:: What needs to be done ::
Write out the data word for word, taking care that no picture is carried over.
*** Opening Source data ***
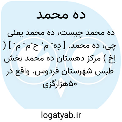 ده محمد. [ دِه ْ م ُ ح َم ْ م َ ] ( اِخ ) نام یکی ازدهستانهای بخش طبس شهرستان فردوس است که در شمال طبس واقع و اغلب قراء آن در خاور شوسه عمومی فردوس - طبس قرار دارند. و از 6 آبادی تشکیل شده و در حدود 508 تن جمعیت دارد. ( از فرهنگ جغرافیایی ایران ج 9 ).
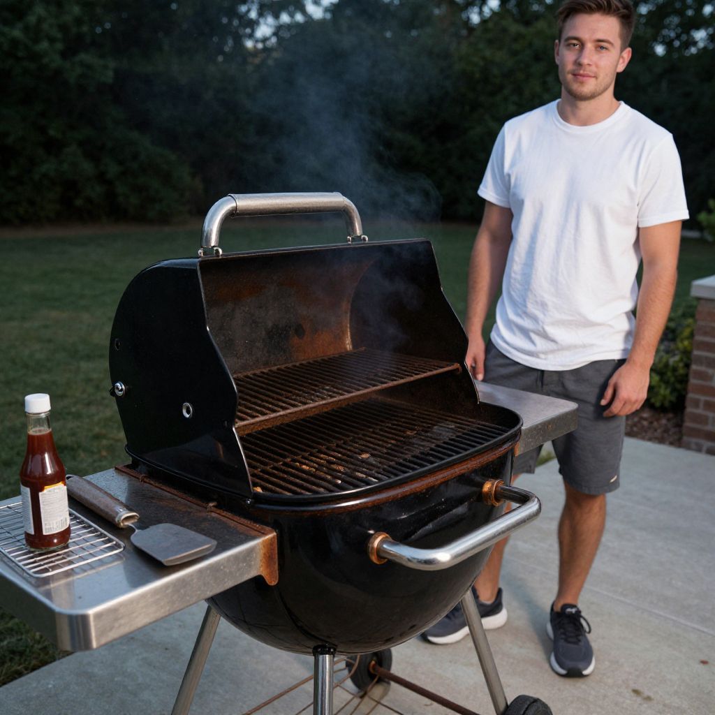 A close-up photo of a polished black grill with rust-resistant steel details, placed on a concrete patio at dusk, surrounded by grill accessories like a spatula, metal rack, and a glass bottle of barbecue sauce, with a young man in a clean white t-shirt and short shorts standing nearby, looking confident and relaxed.
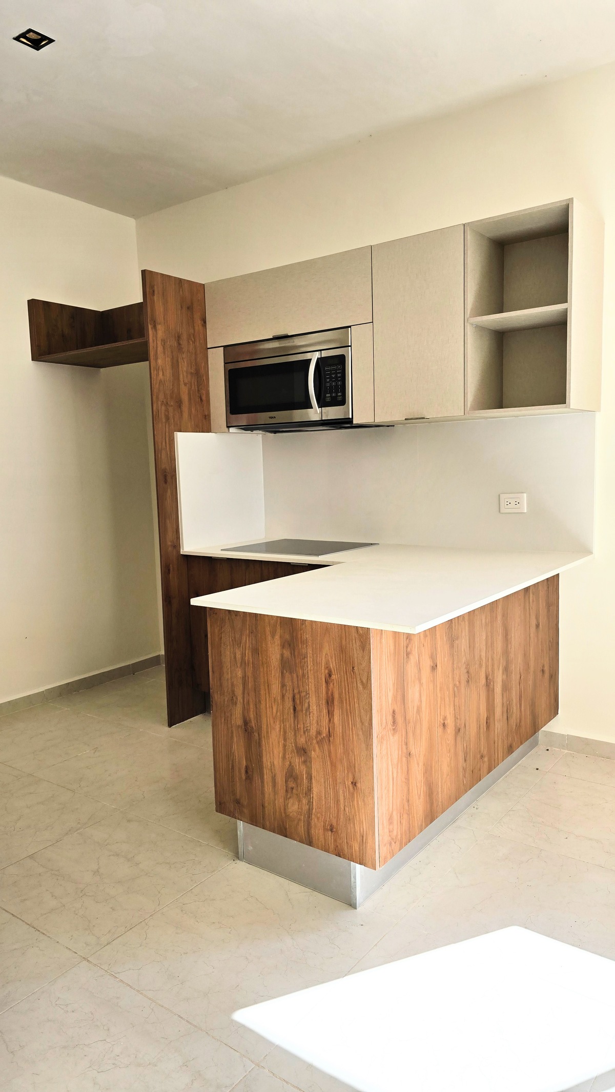 Cocina integral con barra de cuarzo
*** Closing Source data ***
:: Answer ::
 ده محمد. [ دِه ْ م ُ ح َم ْ م َ ] ( اِخ ) نام یکی ازدهستانهای بخش طبس شهرستان فردوس است که در شمال طبس واقع و اغلب قراء آن در خاور شوسه عمومی فردوس - طبس قرار دارند. و از 6 آبادی تشکیل شده و در حدود 508 تن جمعیت دارد. ( از فرهنگ جغرافیایی ایران ج 9 ).
 A close-up photo of a polished black grill with rust-resistant steel details, placed on a concrete patio at dusk, surrounded by grill accessories like a spatula, metal rack, and a glass bottle of barbecue sauce, with a young man in a clean white t-shirt and short shorts standing nearby, looking confident and relaxed.
 Cocina integral con barra de cuarzo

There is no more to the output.